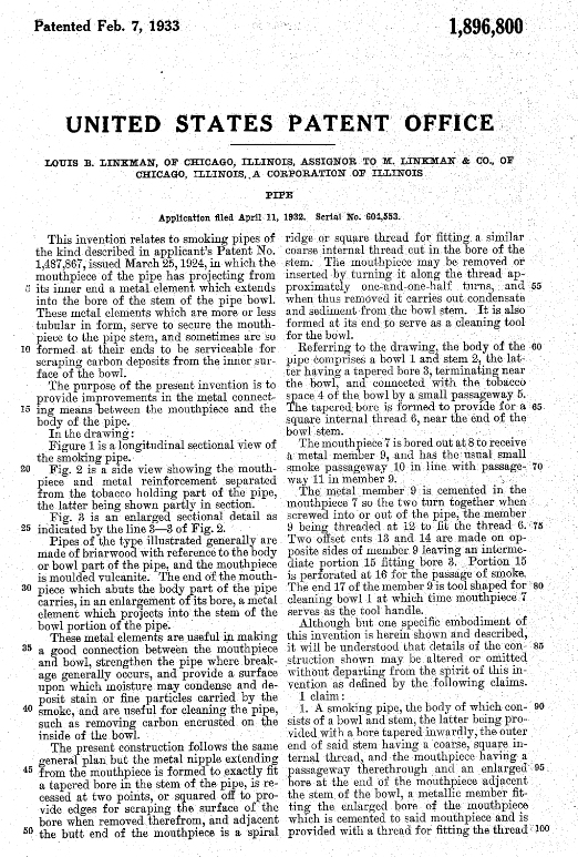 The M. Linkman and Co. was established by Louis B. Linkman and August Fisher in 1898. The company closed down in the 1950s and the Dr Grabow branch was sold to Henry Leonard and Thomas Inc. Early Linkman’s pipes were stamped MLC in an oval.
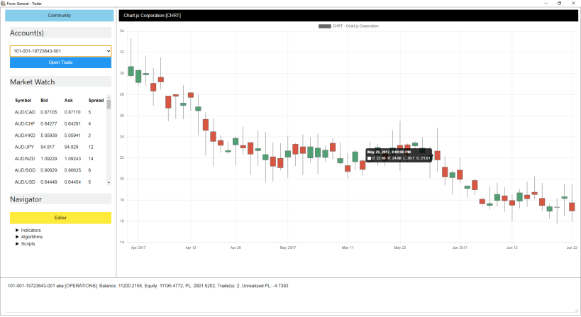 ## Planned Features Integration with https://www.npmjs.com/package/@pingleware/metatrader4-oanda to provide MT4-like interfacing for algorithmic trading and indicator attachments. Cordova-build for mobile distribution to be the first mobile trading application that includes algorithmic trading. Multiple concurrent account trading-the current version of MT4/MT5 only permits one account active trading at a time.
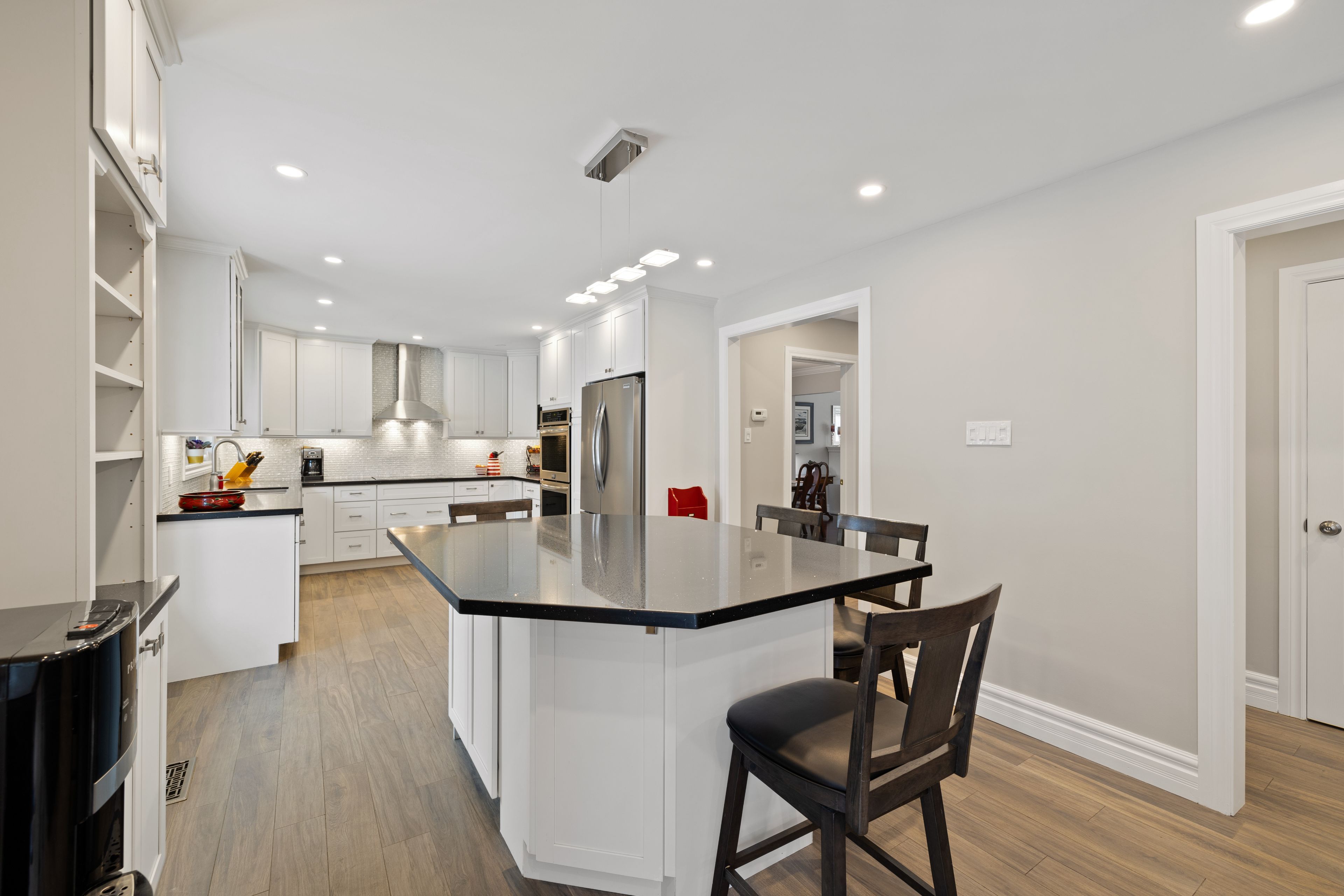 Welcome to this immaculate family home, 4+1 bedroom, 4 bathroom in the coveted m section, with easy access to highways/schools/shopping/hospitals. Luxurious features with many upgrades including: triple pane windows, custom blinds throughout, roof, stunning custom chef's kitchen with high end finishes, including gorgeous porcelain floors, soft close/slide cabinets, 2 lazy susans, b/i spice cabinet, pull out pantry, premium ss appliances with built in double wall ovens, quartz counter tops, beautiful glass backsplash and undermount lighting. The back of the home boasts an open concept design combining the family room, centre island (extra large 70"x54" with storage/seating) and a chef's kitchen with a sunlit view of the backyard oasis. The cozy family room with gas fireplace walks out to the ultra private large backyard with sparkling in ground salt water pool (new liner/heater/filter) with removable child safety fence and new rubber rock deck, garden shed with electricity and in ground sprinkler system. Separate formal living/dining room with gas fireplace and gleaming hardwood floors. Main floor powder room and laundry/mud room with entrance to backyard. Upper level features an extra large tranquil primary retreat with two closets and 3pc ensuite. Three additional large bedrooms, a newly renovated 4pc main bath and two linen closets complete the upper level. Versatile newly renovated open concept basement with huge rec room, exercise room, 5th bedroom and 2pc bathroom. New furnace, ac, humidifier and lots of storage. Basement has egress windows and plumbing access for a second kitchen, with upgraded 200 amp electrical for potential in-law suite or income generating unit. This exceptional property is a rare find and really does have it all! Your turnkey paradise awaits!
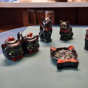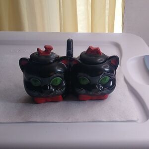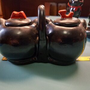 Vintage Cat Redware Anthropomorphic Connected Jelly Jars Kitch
...
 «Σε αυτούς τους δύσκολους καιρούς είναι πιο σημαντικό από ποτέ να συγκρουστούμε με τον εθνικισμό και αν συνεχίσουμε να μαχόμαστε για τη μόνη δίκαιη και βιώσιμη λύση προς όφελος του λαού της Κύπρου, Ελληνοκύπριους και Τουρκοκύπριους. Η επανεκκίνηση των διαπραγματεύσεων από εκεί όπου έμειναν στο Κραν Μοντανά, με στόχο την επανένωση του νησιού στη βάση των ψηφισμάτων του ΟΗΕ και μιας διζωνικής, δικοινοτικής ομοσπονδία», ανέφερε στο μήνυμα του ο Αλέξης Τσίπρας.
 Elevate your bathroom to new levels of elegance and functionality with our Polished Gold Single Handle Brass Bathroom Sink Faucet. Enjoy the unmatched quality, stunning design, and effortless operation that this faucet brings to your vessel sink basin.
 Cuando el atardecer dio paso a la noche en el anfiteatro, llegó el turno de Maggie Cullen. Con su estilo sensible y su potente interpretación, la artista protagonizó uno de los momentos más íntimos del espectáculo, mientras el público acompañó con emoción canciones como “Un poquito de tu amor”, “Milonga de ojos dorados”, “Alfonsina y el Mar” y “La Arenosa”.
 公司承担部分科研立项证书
==
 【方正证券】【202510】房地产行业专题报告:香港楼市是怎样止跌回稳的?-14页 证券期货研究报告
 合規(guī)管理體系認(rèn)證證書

What is needed: Could you write out, exactly as they stand, only the lines above that begin at the line with "ο Αλέξης Τσίπρας." and stop after the line with "Elevate your bathroom"?

Output of the exercise:
 «Σε αυτούς τους δύσκολους καιρούς είναι πιο σημαντικό από ποτέ να συγκρουστούμε με τον εθνικισμό και αν συνεχίσουμε να μαχόμαστε για τη μόνη δίκαιη και βιώσιμη λύση προς όφελος του λαού της Κύπρου, Ελληνοκύπριους και Τουρκοκύπριους. Η επανεκκίνηση των διαπραγματεύσεων από εκεί όπου έμειναν στο Κραν Μοντανά, με στόχο την επανένωση του νησιού στη βάση των ψηφισμάτων του ΟΗΕ και μιας διζωνικής, δικοινοτικής ομοσπονδία», ανέφερε στο μήνυμα του ο Αλέξης Τσίπρας.
 Elevate your bathroom to new levels of elegance and functionality with our Polished Gold Single Handle Brass Bathroom Sink Faucet. Enjoy the unmatched quality, stunning design, and effortless operation that this faucet brings to your vessel sink basin.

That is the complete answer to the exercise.